Thirty years later, when the Cold War had come to an end, a new beginning was made. That was Agenda 21. Much more than DD1 Agenda 21 was a world strategy rather than a strategy for development cooperation. Instead of spending the world’s resources on armaments, they could be used to abate poverty and protect the world’s environment, for instance by addressing climate change, desertification and biodiversity loss. The new mantra was sustainability: growth, without jeopardizing development opportunities of future generations. However, like DD 1, Agenda 21 was mainly oriented towards international rather than domestic policy making, and mainly on voluntary basis, not mandatory. Elaborations took place in a series of world summits, in Copenhagen on social policy, in Kyoto on climate change, in Cairo on population policies and in Beijing on gender. This demonstrated that Agenda 21 was a list of chapters, not yet integrated into a coherent strategy.

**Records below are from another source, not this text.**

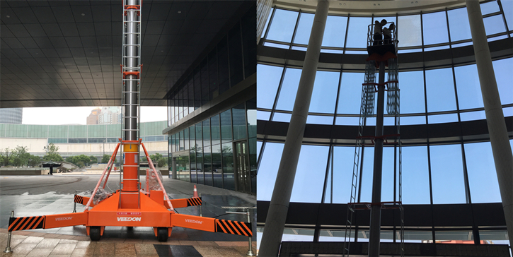 Veedon 套筒式液壓高空作業(yè)升降機(jī),簡易,方便,快捷的登高作業(yè)平臺登高設(shè)備。雙防轉(zhuǎn)式結(jié)構(gòu),雙速下降系統(tǒng),最大升高52米,穩(wěn)定可靠,美觀。為“神舟”號飛船安裝對接特制平臺外延伸高空作業(yè)平臺登高設(shè)備。
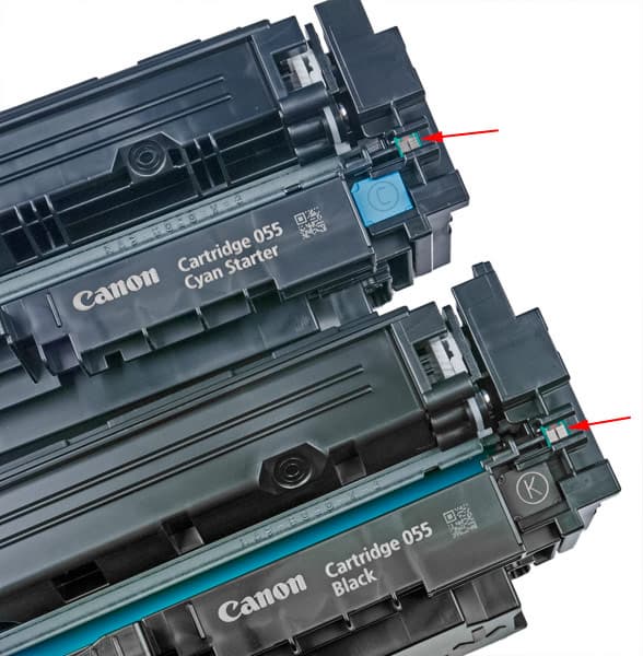 В картриджах имеются чипы (их контактные площадки на фото показаны стрелками), определяющие тип каждого из них.
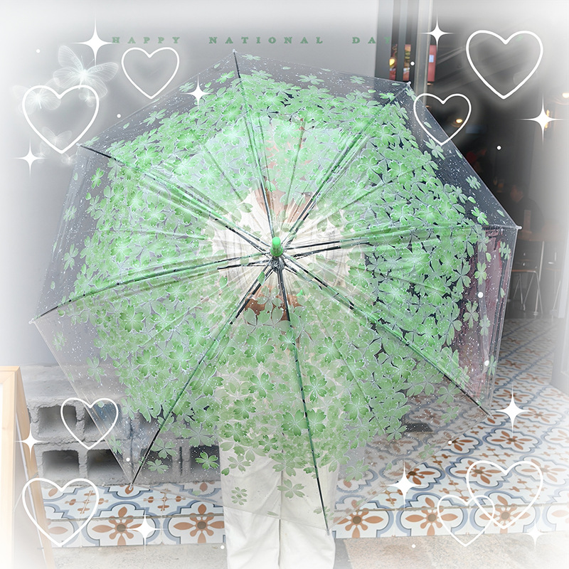 투명한 우산 벚꽃 우산 긴 손잡이 투명한 소녀 여신 한국 복고풍 사탕 색깔 신선한 아폴로 공주스토어 가기
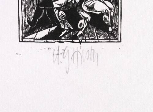 Karl-Georg Hirsch (*1938 Breslau, lebt und arbeitet bei Leipzig). Deutscher Grafiker. Lehre und Tätigkeit als Stuckateur. 1960-65 Studium an der Hochschule für Grafik und Buchkunst Leipzig (HGB). Ab 1965 freischaffend. 1967–70 Assistent an der HGB, seit 1970 Leiter der Werkstatt Holzschnitt, seit 1976 Dozent ebenda. 1981/82 Gastdozent für Holzschnitt und Holzstich an der finnischen Universität Jyväskylä. 1989 Berufung zum Professor für Grafik und Illustration an der HGB. 1990-97 Prorektor. Bekannt für seinen miniaturhaften, meisterhaft virtuosen Holzschnitt, den man in der DDR ob seiner extremen Schärfe und Kleinteiligkeit unrichtig als Holzstich bezeichnete.
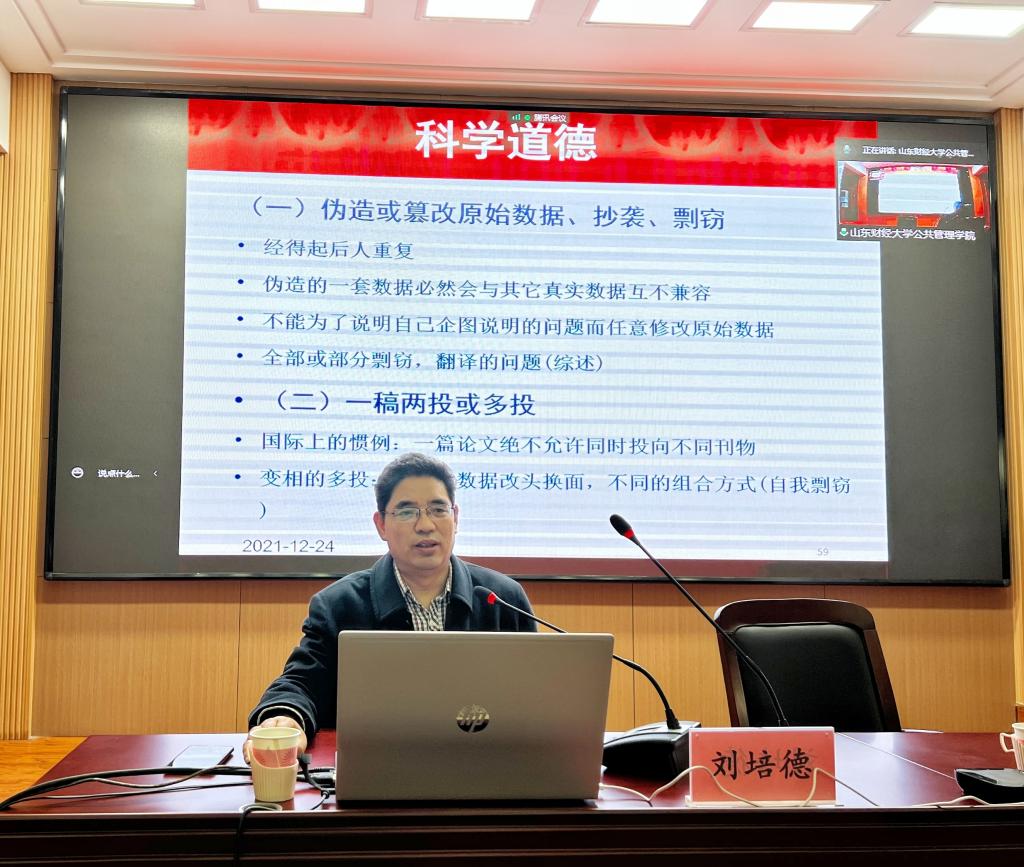 刘培德教授从“科研的目的”“基本要求”和“如何做研究”三方面,为同学们讲述了做研究的基本要求和大致过程。他强调要因为喜欢搞科研而搞科研,做科研要了解本领域的研究学者、重要期刊、研究方法与范式,要严守学术规范,耐得住寂寞。
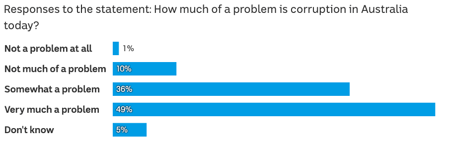 Results from the ABC’s Vote Compass indicate that 85 per cent of Australians feel that corruption is a problem in this country, with only one percent suggesting that it is not a problem at all.
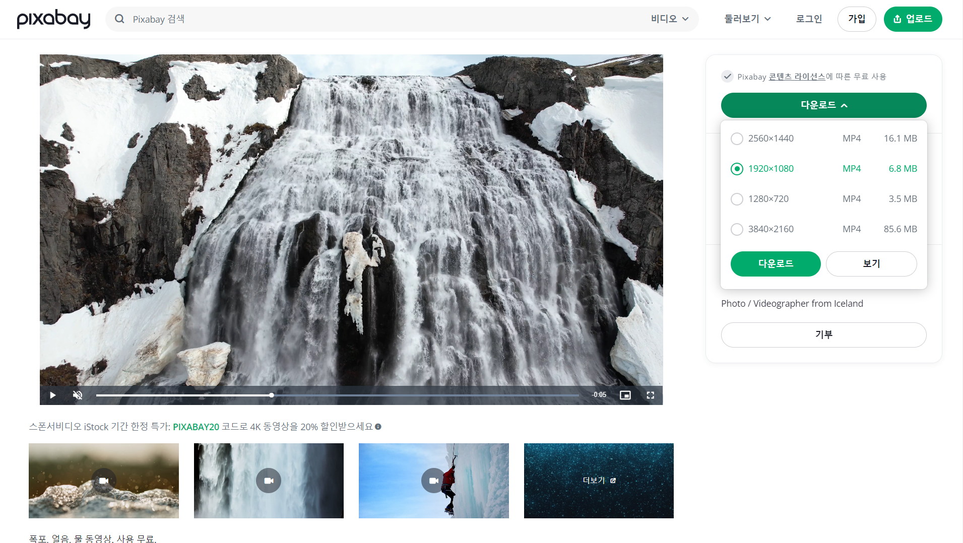 Pixabay는 스톡 이미지를 소개할 때 언급했던 사이트로, 다양한 고품질의 무료 동영상 소스를 제공하는 인기 있는 웹사이트입니다. 한글이 지원되어 편리하며, 사진, 일러스트, 동영상, 음원 등 다양한 무료 소스를 제공합니다. Pixabay는 230만 개 이상의 이미지와 비디오를 보유하고 있으며, 고품질 HD 및 4K 동영상 컬렉션을 갖추고 있습니다. 모든 소스는 간소화된 Pixabay 라이선스에 따라 Creative Commons Zero(CC0)로 공개되어, 사이트의 모든 콘텐츠는 상업적 또는 비상업적 목적, 인쇄 또는 디지털 여부에 관계없이 저작권자의 명시 없이 자유롭게 사용할 수 있습니다. 하지만, 출처를 표기하여 저작권자를 존중하는 것이 좋은 습관이며 예의이므로 되도록 출처를 표기하시길 권해드립니다. 영상 소스는 대부분 1분 미만이지만, HD 및 4K 해상도의 동영상을 다양한 파일 확장자로 다운로드할 수 있습니다.
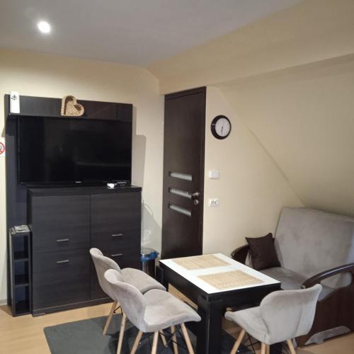 房间铺有镶木地板,配有带冰箱的设施齐全的厨房、用餐区、平板电视以及带淋浴设施和免费洗浴用品的私人浴室。住宿还配备烤箱、微波炉、炉灶和电热水壶。
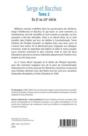 Militaires romains mobilisés dans les persécutions de chrétiens, Serge l’intellectuel et Bacchus le gai luron se sont convertis au christianisme, ont été sanctifiés et sont montés au paradis, où leur caractère a fait des étincelles. Suite à un décret divin, ils se sont installés dans l’église qui leur est dédiée à Constantinople. Toute l’histoire de l’Empire byzantin se déploie alors sous leurs yeux et à travers leur action. Ils se démènent pour s’opposer aux attaques ennemies, éviter la séparation des Églises et aider le menu peuple. Leurs miracles échouent le plus souvent, mais le récit de leurs tribulations permet au lecteur d’aborder plaisamment l’histoire d’un empire au très long cours. Ce 2e tome décrit l’apogée et le déclin de l’Empire byzantin, avec des moments tragiques lors de la prise de Constantinople, d’abord par les Croisés, puis par les Ottomans. L’aventure se poursuit sous l’Empire ottoman avec des flashs tous les cent ans, occasions d’épisodes désopilants, et finit à Istanbul en 1948.

When towards the end of the decade, which was also the end of the century and even the end of the Millennium, the awareness grew that the strategies had failed to meet the most pressing need, eradication of world poverty, a third strategy was adopted: the Millennium Declaration. The tasks ahead were put into beautiful language, but, with the exception of the chapters on the MDGs, the declaration remained an appeal rather than a commitment.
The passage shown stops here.